Non-negative Matrix Factorisation (NMF) is an unsupervised iterative algorithm that factorises an enter matrix into two matrices with constructive entries. As in PCA, we’re nonetheless deriving new options from our current ones; nevertheless, in PCA, we have been creating orthogonal options primarily based on maximising the defined variance, in NMF, we’re creating non-negative elements and coefficients, that when multiplied give an approximation to the unique information.
Suppose we’ve got an N x M matrix (dataset), to use NMF to this matrix, we select a rank r, and after we apply the algorithm, we’re returned two matrices — the premise matrix W (measurement N x r), and the coefficient matrix H (measurement r x M). Mathematically: A ~ W * H.
The idea matrix, W has measurement N x r, with every of the r columns defining a meta-feature. The coefficient matrix, H has measurement r x M, with every of the M columns representing the meta-feature values of the corresponding samples, that is what we take with us because the lowered dataset. For any rank r, NMF teams the samples into clusters. An vital query that one ought to deal with is whether or not or not a given rank can decompose the samples into significant clusters; this query refers to picking the very best rank to make use of within the algorithm on your particular dataset.
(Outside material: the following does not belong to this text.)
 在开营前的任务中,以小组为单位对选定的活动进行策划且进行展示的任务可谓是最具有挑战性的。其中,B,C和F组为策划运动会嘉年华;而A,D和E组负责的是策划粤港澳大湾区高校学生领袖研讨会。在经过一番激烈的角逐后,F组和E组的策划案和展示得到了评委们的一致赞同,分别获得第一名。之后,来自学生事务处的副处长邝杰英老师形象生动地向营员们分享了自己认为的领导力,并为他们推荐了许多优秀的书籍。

In determine 1, we will see that if we use 2 elements for the artificial dataset, we will simply signify any datapoint, as they may all be linear mixtures of the elements. If the info may be represented in 2 elements, then NMF will create a pair of foundation vectors (elements) that time to the extremes of the info (left image in determine 1). If we solely use one part, then NMF will create a vector (part) that factors to the imply of the info, as this greatest represents the info (proper image in determine 1). Observe that, in contrast to PCA, we should not have a 1st NMF part, the elements should not ordered [1].
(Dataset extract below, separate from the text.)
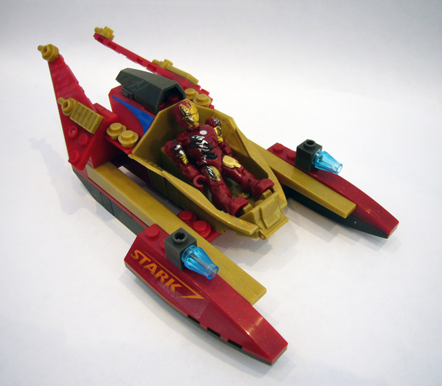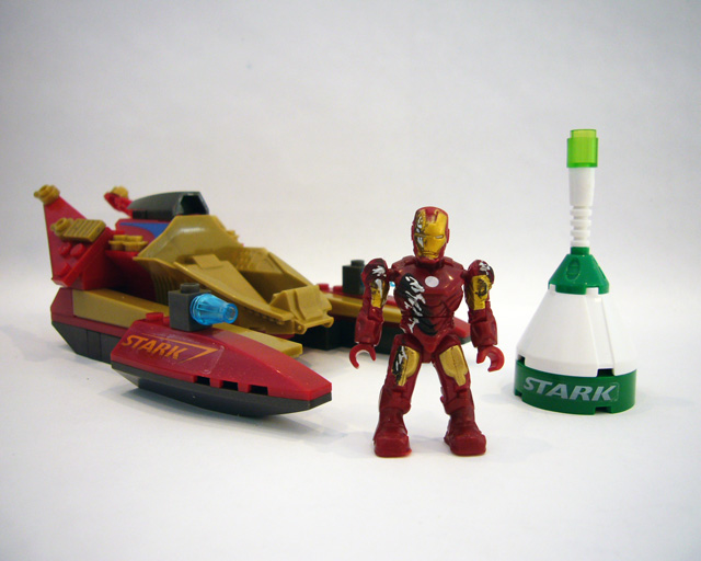 The jet-boat has a centrally-mounted pilot’s seat, with two forward pointing skis, a large engine block, and two rear-facing "wings." Low and wide, the craft looks built for speed. Most of the parts are dark red and gold, with accents in black and blue. Stickers applied to the skis mark the boat as belonging to Stark Enterprises. The accessory in this set is a green and white buoy that's actually pretty cool, with a clear green top and another Stark sticker.

The rank is a important parameter. It defines the variety of meta-features used to approximate the dataset. A typical manner of selecting r is to compute some high quality measure of the outcomes and select the very best worth, in line with this measure. Some widespread measures that you need to use can be reconstruction error — compute W * H and calculate the error between the consequence and the unique matrix; one may graph the reconstruction error for a number of ranks and search for an elbow, as in PCA with defined variance ratio. One other measure is Bayesian Info Criterion (BIC) — BIC makes use of the variety of samples, parameters, and the probability of the info to steadiness the goodness of match (measured with the probability) with the complexity of the mannequin — extra complicated fashions are penalised, i.e. fashions with extra parameters. A decrease BIC means a greater mannequin. Additionally, [2] proposed to take the primary worth of r for which the cophenetic correlation begins reducing.
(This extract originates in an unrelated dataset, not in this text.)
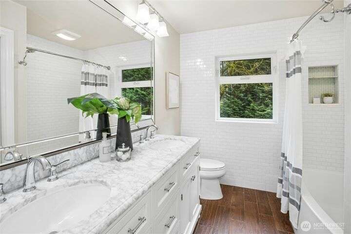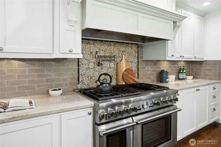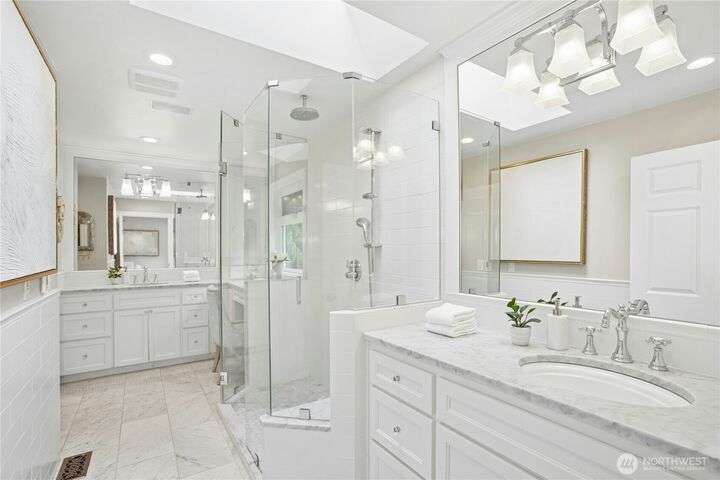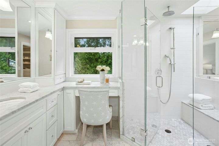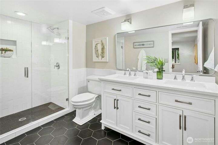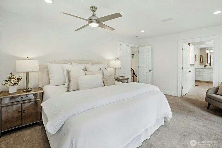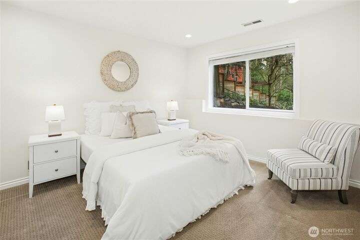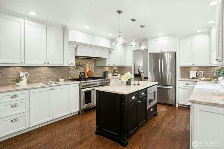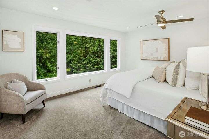 A brilliant life starts here w/ elevated style, 56 feet of waterfront on a shy acre on scenic Beaver Lake. Cohesive indoor/outdoor living provides the ultimate PNW experience. All-weather, high-end composite deck, covered patio & sprawling lawn lead to a private dock w/ floating party barge. Lakeside boathouse for paddleboards, kayaks & water toys. Timeless finishes - honed marble bathroom counters, custom cabinets, heated floor. Epicurean kitchen boasts SS appliances, 6-burner Thermador range w/ custom hood, breakfast nook & gorgeous lake views. Desirable main-level guest suite; expansive lower level w/ a lrg rec room, office, remodeled 3/4 bathroom + potential 5th bdrm. Pre-inspected and 100% turn-key. Min to I-90, schools & amenities.

Let’s apply this to a medical dataset with 17 options and 220 samples. We’ll provoke random_state=42 in sklearn.decomposition.NMF(). We run the algorithm on the dataset for a variety of ranks from 2 – 9. We will now compute the metrics and visualise them (see fig. 2).
By observing the graphs, we conclude that r = 4 is the very best rank for our NMF dimension discount. We see a transparent elbow at r = 4 for the reconstruction error; for the BIC curve, we see it takes the worldwide minimal at r = 4; within the cophenetic coefficient curve we see that the graph begins to say no sharply at r = 4. Therefore, we conclude that r = 4 is the very best rank for this dataset. Discover that the three graphs have very completely different patterns and don’t appear like one another, however we will nonetheless use the knowledge supplied by all three to attract a unanimous conclusion — it’s good to attract on a various vary of data to make choices.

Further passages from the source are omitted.